Mets manager Terry Collins during a spring training

Mets manager Terry Collins during a spring training workout. (Feb. 28, 2012) (Credit: Alejandra Villa)

Terry Collins has made some fairly bold moves lately, taking out his closer in the middle of an inning, removing one of the most prominent batters for a pinch-hitter, even taking out Jon Rauch in the eighth inning, which is his domain.

At first glance, it suggests that Collins is not concerned about hurting anybody’s feelings. A deeper look might show that he does take confidence levels and egos into account, and that he is getting players to trust him. With both Frank Francisco and Ike Davis, the manager went right back to the player the next opportunity: Francisco was still the closer, Davis was back in the lineup the next night.

“Ultimately you want that to be known, it’s about the team, not just one or two guys, but by the same token, they’ve got to believe you believe in them,” the manager said. “They’ve got to trust you. They’ve got to trust your judgment, they’ve got to know that you have their best interest in mind.”

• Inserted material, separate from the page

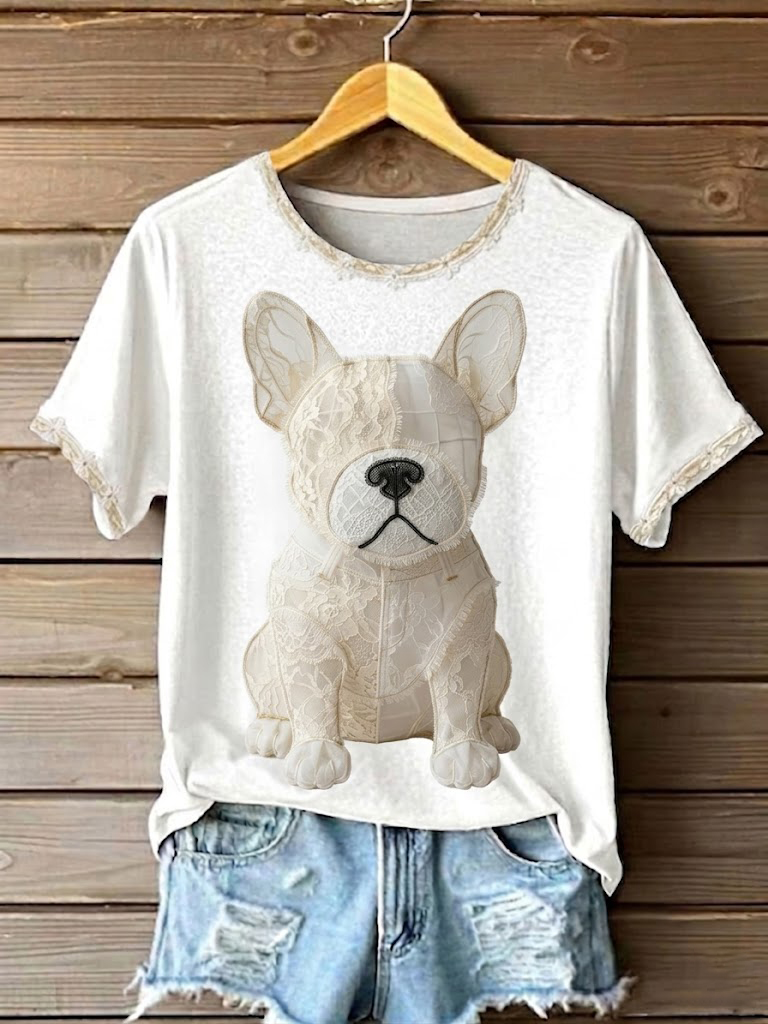 Women's Art Dog Lace Patchwork Printed T-shirt
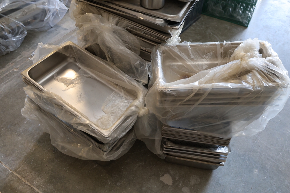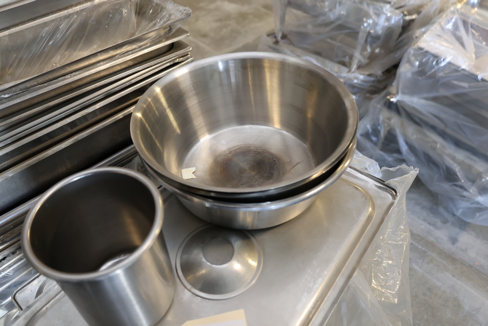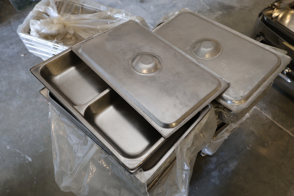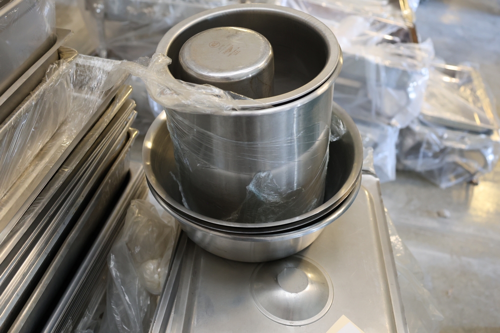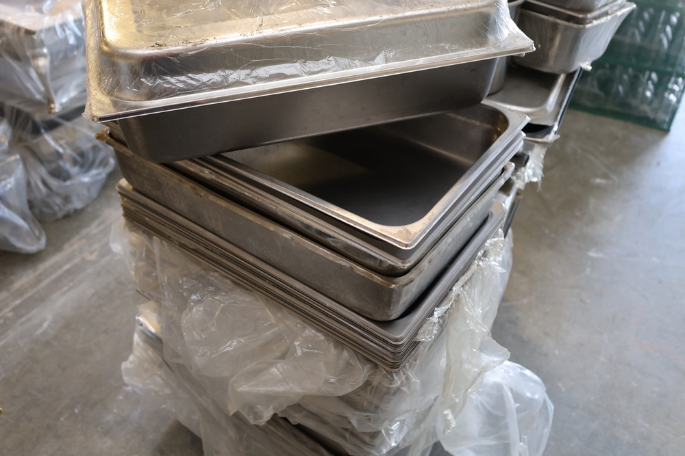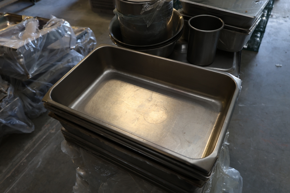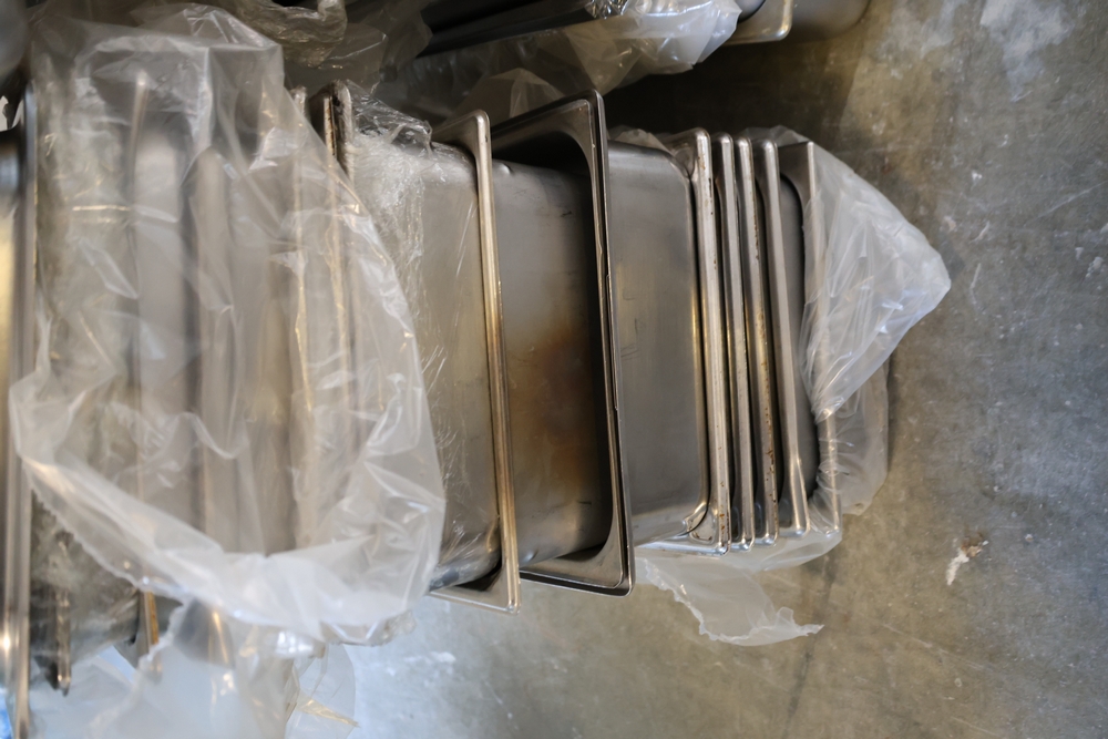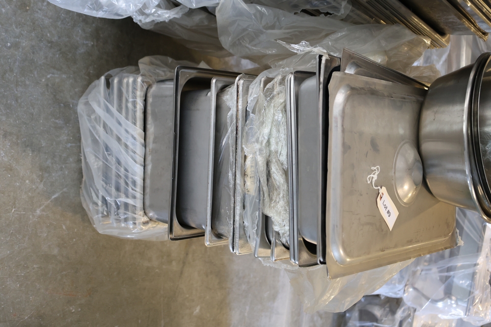 Large quantity of stainless steel hotel pans in various sizes, including perforated pan, solid pans, lids, divided insert pan, mixing bowls, and cylindrical containers.

You could make a good case that he gained credibility on the last day of last season, when he allowed Jose Reyes to bunt his way on and take himself out of the game. A lifetime of baseball instincts might have told Collins it was not the honorable thing to do, but he believed Reyes deserved that consideration from the boss.

Collins probably had a fairly good idea that Reyes would never play for him again. Still, he was essentially telling all future players: “Play hard for me, and I’ll be there for you.”